IN RECENT weeks, several reports on the Irish property market have indicated that our housing slump has either reached an undefined 'soft landing' mark, or is showing signs of a rebound. To anyone planning to rush out and list their house for sale, these are serious matters to consider.
Only a few days ago, EBS/DKM Affordability Index claimed that "over the past eight months, the average first-time buyer working couple in Ireland spent a consistent 24% of their net income on mortgage repayments, compared with 26.4% in December 2006".
According to the report, this signals simultaneously a "soft landing" in the housing market and an improved affordability of houses for first-time buyers. To those wondering as to how on earth can the mortgages costs to first-time buyers remain steady as the rest of Ireland is feeling the pain of eight consecutive increases in interest rates, the folks at EBS/DKM are quick to offer the following explanation.
Changes to stamp duty, mortgage interest relief and falling house prices all have more than offset the rising costs of mortgages. While house prices declined by approximately 2.6% in Ireland and by some 3.3% in Dublin during 2007, it is hard to imagine that stamp duty reform . . . something that affects less than 5% of the first-time buyers, can have any dramatic impact on the markets. But there is more bad news for the optimists at EBS/DKM Index.
Due to ECB interest rates hikes, direct mortgage costs have gone up roughly by 2.02% over the period in question. Indirect mortgage costs . . . the risk and administrative premia charged by the banks . . . show no signs of declining.
Yet, mortgage stress-testing requirements have more than doubled for even the shortterm fixed mortgages, implying that for an average first-time buying couple, some 25%-50% greater down payment may be needed to secure the same level of borrowing.
That adds up to around 2.5%-5% on the overall cost of moving into a new house for a couple that would have put 10% down on the property before the subprime credit markets debacle.
Last, but not least, the combined effects of interest rates hikes and tighter stress-testing imply reduced availability of credit facilities for first-time buyers, once again necessitating further increases in down payments in order to secure a mortgage.
All of this suggests that the 'improved affordability' really reflects a selection bias whereas only premium-quality candidates, with higher income-to-loan-value ratios are getting mortgages today.
There is a further caveat to the claims advanced by the ESB/DKM Index. If falling prices are so deep as to have a significant impact on affordability, and if these prices are expected to fall further in the future, as ESB/DKM Index predicts, how on earth can we call the current situation a 'soft landing'?
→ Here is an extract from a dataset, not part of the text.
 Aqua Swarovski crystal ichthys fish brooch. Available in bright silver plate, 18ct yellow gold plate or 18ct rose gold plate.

Just in case one needs any further proof, some of the largest mortgage lenders in the country expect some 18%20% declines in new mortgage lending this year relative to 2006.
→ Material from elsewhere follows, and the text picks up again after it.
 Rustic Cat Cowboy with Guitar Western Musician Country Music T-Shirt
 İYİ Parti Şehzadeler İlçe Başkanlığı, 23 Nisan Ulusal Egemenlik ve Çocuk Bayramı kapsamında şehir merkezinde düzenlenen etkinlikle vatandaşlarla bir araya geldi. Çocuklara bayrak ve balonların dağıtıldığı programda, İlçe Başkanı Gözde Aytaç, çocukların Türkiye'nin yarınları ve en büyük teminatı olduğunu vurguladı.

Apparently, first-time buyers are not buying the improved affordability scenario. Instead, as last week's figures from one mortgage lender show, some 76% of Irish people expect the interest rates to rise by 0.5%-1% in the next 12 months and only 7% believe that there will be no further rates hikes.
Estate agents Hooke & MacDonald cited these figures after making a claim that "the Irish residential property market has now reached a turning point and already there are encouraging signs of a pick-up in activity, with sales enquiries through Hooke & MacDonald increasing steadily".
This begs the question:
given that Hooke & MacDonald provide no hard figures to support their claim of steadily increasing enquiries, what evidence do they have to make such a sweeping argument about housing market recovery?
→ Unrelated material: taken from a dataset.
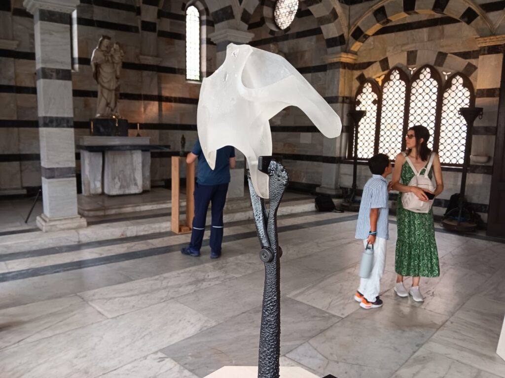 Due le sedi espositive principali: la Chiesa di Santa Maria della Spina, eretta nel 1230 per conservare una delle spine della corona di Cristo, e il Fortilizio con la Torre Guelfa, dalla cui cima si può godere di uno dei più straordinari panorami di tutta Pisa. Quattro le sculture che saranno collocate in esterno, in un percorso che attraversa la storia della città: a partire da via Duomo, nel contesto di piazza dei Miracoli, posizione d’onore che solo pochi artisti contemporanei hanno avuto il privilegio di conquistare. Le altre opere saranno collocate in via Pietro Toselli, davanti a Palazzo Blu, dimora storica e centro d’arte, Lungarno Gambacorti, di fronte alla Chiesa di Santa Maria della Spina, Lungarno Ranieri Simonelli, nello spazio antistante alla Torre Guelfa.

Property buyers and sellers have only an imperfect information concerning the future direction of the interest rates, housing prices, their disposable incomes and other fundamentals that drive their decisions to enter the market.
When people possess imperfect knowledge, faced with external shocks to their confidence, their decisionmaking processes freeze and their assessment of risks becomes unpredictable.
The end result: the markets begin to behave irrationally and no amount of verbal re-assurances, new credit injections and other policy tricks can shift them out of this short-term equilibrium.
When considered in the context of the housing markets, this picture of dysfunctional financial markets is further complicated by the size and time-horizon of the investment decisions that involve hundreds of thousands of euros and 20-30 years long commitments.
The main lesson of the imperfect knowledge theory insights into the financial markets behaviour is that the only means for shifting investors out of their frozen state is to alter their expectations by improving the quality of their information.
In the case of the Irish housing markets, this means giving the punters information about the actual state of affairs, not a PR-spin about reaching some 'soft landing' marks and 'market rebounds'.